= Han Dingxiang =

Chinese Roman Catholic bishop

John Han Dingxiang (韩鼎祥; May 17, 1937 – September 9, 2007) was an underground Roman Catholic bishop of Yongnian, a division of Hebei province, in China. Han was detained for much of his ministry for his loyalty to the Vatican as opposed to the Chinese government-controlled Roman Catholic Church.

==Early life==
Han Dingxiang was born on May 17, 1937, in Hebei province in northern China. In 1960, Han was sentenced to and served 19 years in a Chinese labor camp during the rule of Mao Zedong. It is not known whether his sentence was related to religious activity.

==Catholic Church==
Han was ordained a Roman Catholic priest in 1986. He was elevated by the Vatican to the Bishop of Yongnian Diocese in 1989 just three years later. Han recognized the pope as head of the Chinese Catholic Church, not the government in Beijing. The Chinese government requires that all members of Christian denominations register and worship in state sponsored churches. By law, Christians of all denominations must worship in state-registered churches. Chinese Catholics, such as Han, who recognize the Pope in Rome as head of the Church must worship in underground churches, often called house churches.

The Chinese government allows Chinese Catholics to recognize the Pope in Rome as a spiritual leader. However, the government rejects the notion that the Vatican alone has the authority to appoint bishops. The Chinese government often appoints its own bishops to its state controlled Catholic Church. Bishops appointed secretly by the Vatican must practice underground or risk detention and arrest.
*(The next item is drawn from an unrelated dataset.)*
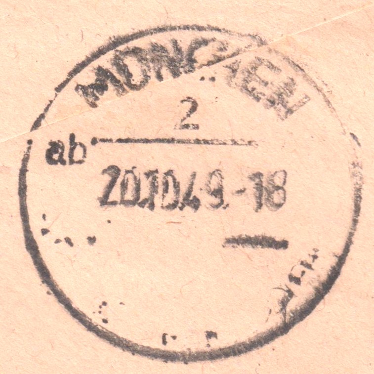 Als Aufgabestempel diente ein aptierter Tagesstempel MÜNCHEN 35 b, aus dem unten der ursprüngliche Text entfernt worden war:

Han Dingxiang was detained on eleven separate occasions during his tenure as Bishop of Yongnian. Han last arrest took place in November 1999.
Han was reportedly caught leading a religious retreat for Catholic nuns in Shijiazhuang, the capital of Hebei.

Han was still under house arrest or other forms of detention stemming from his 1999 arrest at the time of death in 2007. He had served over eight years and had been kept in several locations, including a housing complex for Chinese police and their families.

Han Dingxiang died on September 9, 2007, at a hospital in China while still in police custody. He was being treated for an undisclosed illness, which was reportedly lung cancer. His family had only recently been notified about his poor health. Han was reportedly cremated and buried just six hours after his death.

The Cardinal Kung Foundation, a Catholic monitoring group based in the United States, urged the Vatican to investigate Han's death.